35. Go to directory openmp1/task3.
36. Edit and understand example task3.c.
37. Compile and run task3 several times. Analyze why all threads run alternately.
38. Comment both the omp_set_lock and the omp_unset_lock function calls. Compile and
run again several times. Analyze why the threads do not run alternately.
39. Include the critical region into a critical directive. Compile and run again several times.
The result is the same as when locks are utilized. Example:
#pragma omp critical
{
// Critical region: One thread at a time
}
...
40. Remove the critical directive. Insert a barrier synchronization right above the workload.
Compile and run again several times. Analyze why the threads run alternately again. Since
there is no critical region, the workload of both threads is running with global
synchronization but without mutual exclusion. Example:
// Critical region: One thread at a time
#pragma omp barrier
// Workload
41. Go back to the original task3.c with the wait and signal semaphore calls.
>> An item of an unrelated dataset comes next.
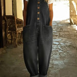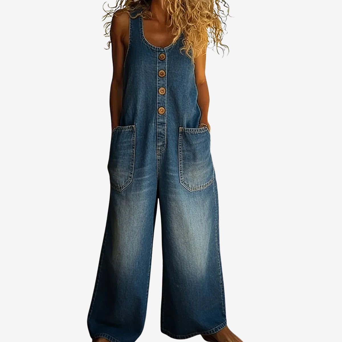 Tik įsivaizduokite švelnų, kvėpuojančio medvilninio džinso prisilietimą prie odos, kai laisvai judate saulėtą dieną. Dabar nustokite įsivaizduoti – šis laisvas, „vintage“ stiliaus skalbtas kombinezonas paverčia neįpareigojantį komfortą jūsų kasdiene realybe.

Comment the
omp_unset_lock (wait but no signal). Compile and run it again. Analyze why the first
thread runs only once and the program halts. Press Ctrl-C to stop the program.
42. Uncomment the omp_unset_lock and insert a barrier synchronization right above the
workload. Compile and run again. Analyze why the program halts right from the beginning.
Press Ctrl-C to stop the program.
43. Write conclusions to lab report (homework).